I have a routine. It starts after we get home from a walk and my infant daughter is down for her nap. It goes: shower, face care, lotion (start from the feet/legs and move up). It is my time to myself; a time of quiet in my house. Though, today, I had a thought as I was putting my face cream on. LOL, yeah. That.
When did I start worrying about this? When did I start worrying about wrinkles and the like or how old I look? I always thought I’d be above such things, as pretentious teenager as that sounds.
I’ve noticed, over the past couple of weeks, that sometimes I will catch my reflection in the mirror and I look…different. I cannot quite describe it but my face looks different to me. Softer was the word that came to me when I first noticed it. I sort of felt like I was looking at someone far classier and more graceful than I have ever been (read: felt). Now I find that I start looking for her, for that face that looks like not my own but, apparently, is my own. It has to be. I don’t think any of the four mirrors in our house are magic, in any case.

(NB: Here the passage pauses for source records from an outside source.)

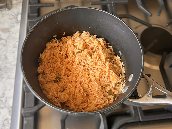 1. In a large skillet, heat 1 Tablespoon avocado oil. Sauté chopped jalapeño and garlic for a couple minutes, add rinsed rice, tomato paste, cumin, and chili powder, stir. Add chicken broth, season with salt and pepper, bring to a simmer and cook on low, covered, for 15 minutes.
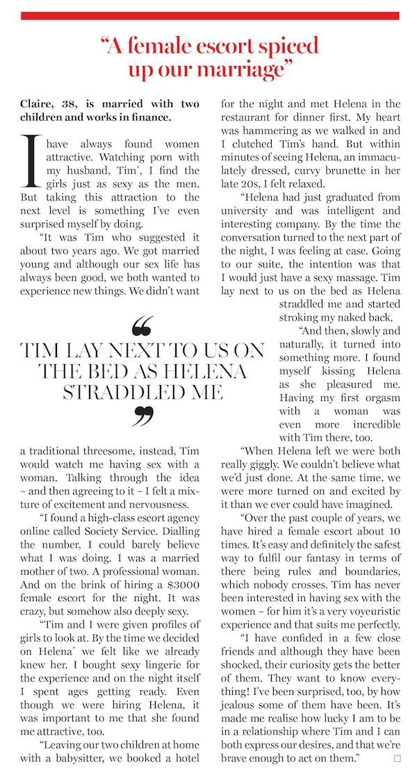 In november 2014 the Australian Marie Claire published an article on women using escort services. A female client of Society Service has been interviewed. In this article, a female client and her husband (a couple) invited a bisexual high class escort for a threesome. The interview is part of a series on women paying for sex. Read and view the article here:
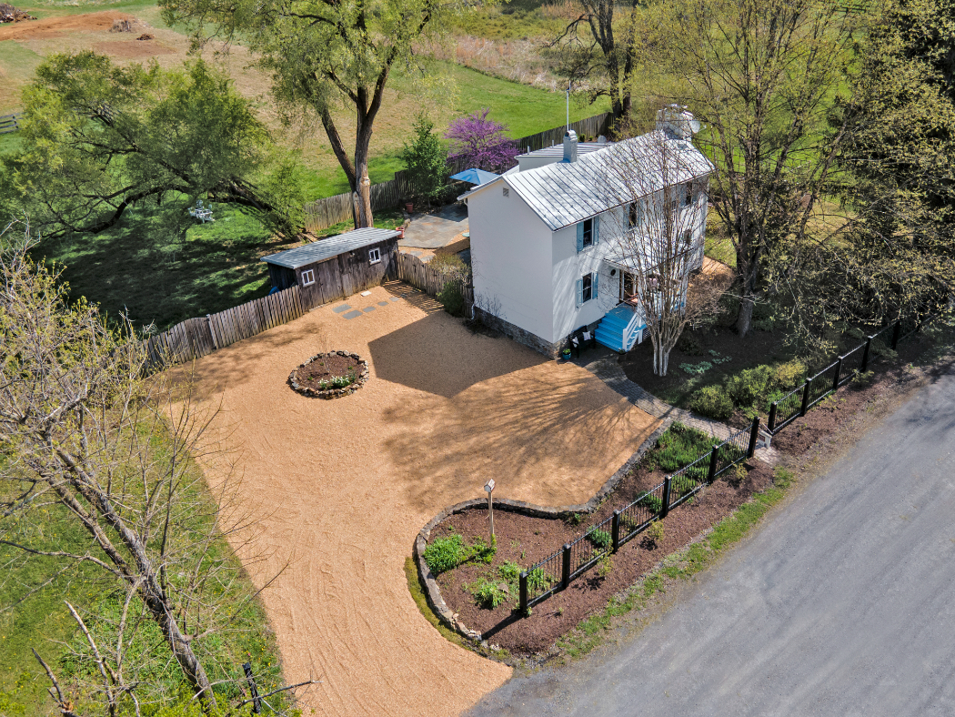 Looking for a hunt country cottage just minutes from historic Middleburg? Welcome to the aptly named "Mouse House," a fully renovated circa 1909 stucco farmhouse tucked among larger estates off prestigious Zulla Road. Set on just over an acre along a quiet dead-end gravel lane, the home enjoys peaceful pond views and exceptional privacy. This classic "2 over 2" residence offers 3 bedrooms, 2 full baths, and beautifully preserved hardwood floors, seamlessly blending historic character with modern updates. The inviting front porch opens to a welcoming foyer, flanked by a formal living room with built-ins and French doors to rear flagstone terraces, and a dining room featuring original beams and a wood-burning fireplace. The gourmet kitchen is thoughtfully updated with antique tile flooring, custom cabinetry, Carrera marble countertops, and high-end appliances. A mudroom addition with flagstone flooring and a Dutch door provides the perfect everyday entry. Upstairs are three bedrooms with the one in the center being currently used as a home office. The full bath features a custom vanity, stone sink, and tiled shower. A convenient stacked washer/dryer is also located on this level. Two spacious flagstone terraces shaded by mature trees and enclosed by privacy fencing are ideal for outdoor entertaining. The yard to the right side of the house could be an ideal spot for a swimming pool. A separate fenced garden with raised beds and irrigation, along with a renovated storage shed and additional fenced area for pets or play, complete the setting. Only minutes to Route 50 and I-66, this property offers an ideal weekend retreat or full-time residence in Virginia's storied hunt country
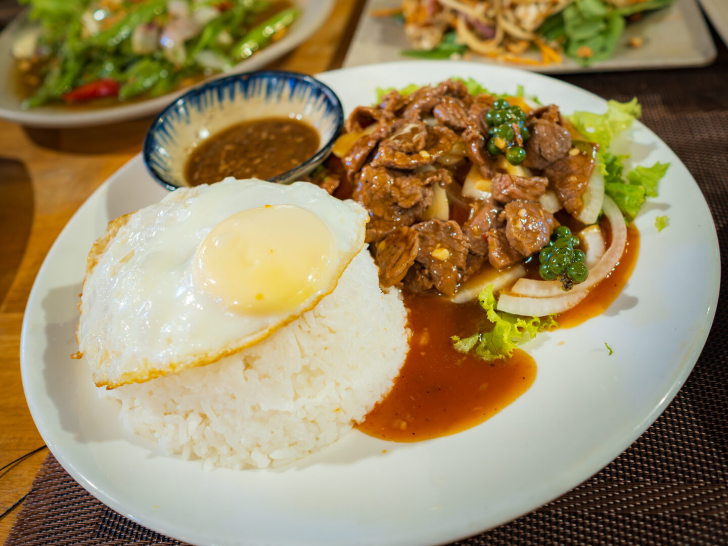 カンボジアのステーキ「ロックラック」には私がカンボジアで絶対に食べたいと思っていた「生胡椒」が添えられています。
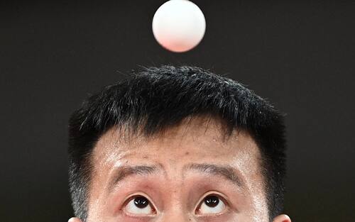 26 luglio 2021. La concentrazione dello slovacco Yang Wang nel match contro l'australiano Dave Powell durante il torneo olimpico di singolare maschile di tennis tavolo al Tokyo Metropolitan Gymnasium
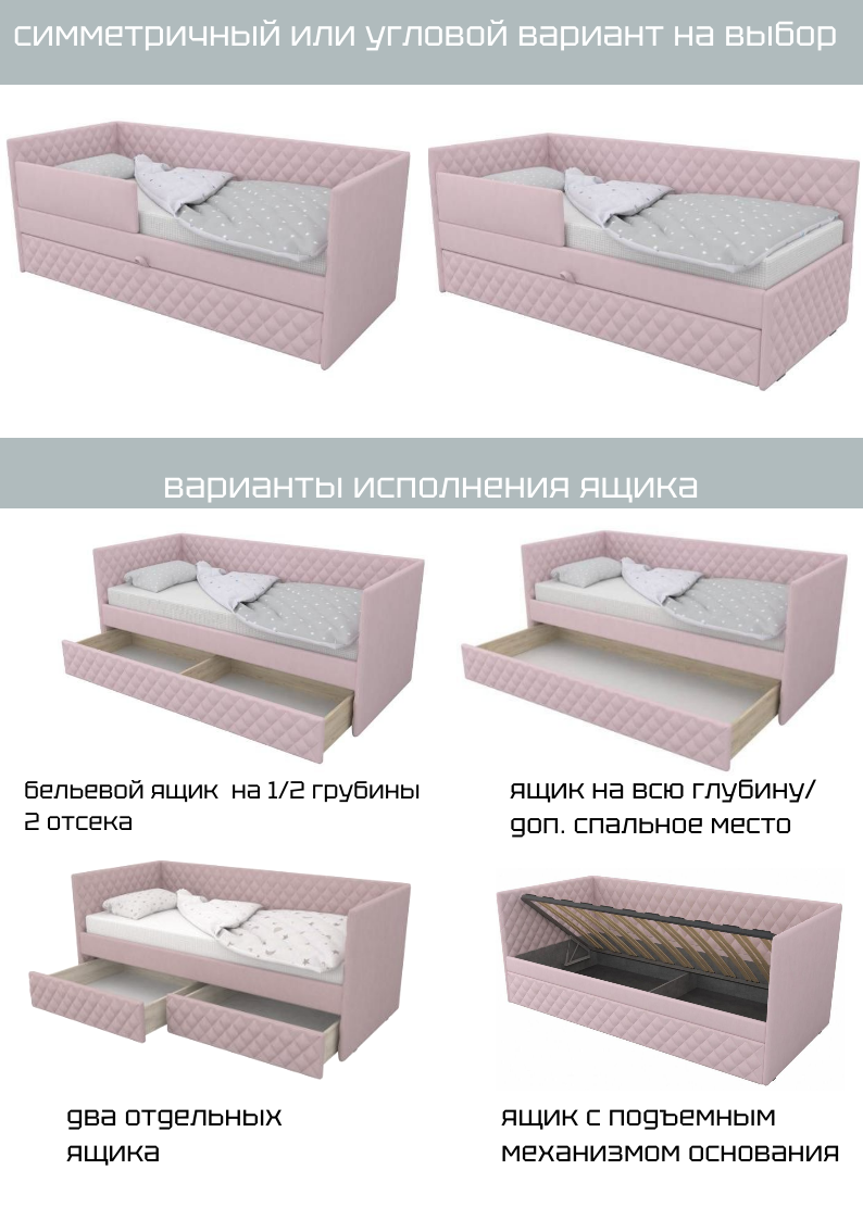 Мягкая кровать Роби - отличное решение для детской или подростковой комнаты. Собрать свой вариант кровати поможет наш конструктор опций. Вы можете выбрать необходимый размер, ящики, ткань, комплектацию, угол кровати. Модель можно выполнить в симметричном варианте с двумя боковинами или в угловом варианте, когда в ногах боковина низкая.

I search for that face now, search without searching for her. I look to catch her in the corner of my eye. When I do spy her, I try to keep very still and just look, for fear I’ll scare her off. It’s in those quiet moments that I find her lovely, find her to be…what I always wanted to be.
And there she is, in my mirror. And I can find her. Me. Sometimes. So, I guess, thank God for routine.
So glad for you finding her love! ❤
I see mine and she looks happier than every before. Gaining little creases in the corners of her eyes, and silver hairs at her temples more and more each year. And She. Is. Beautiful.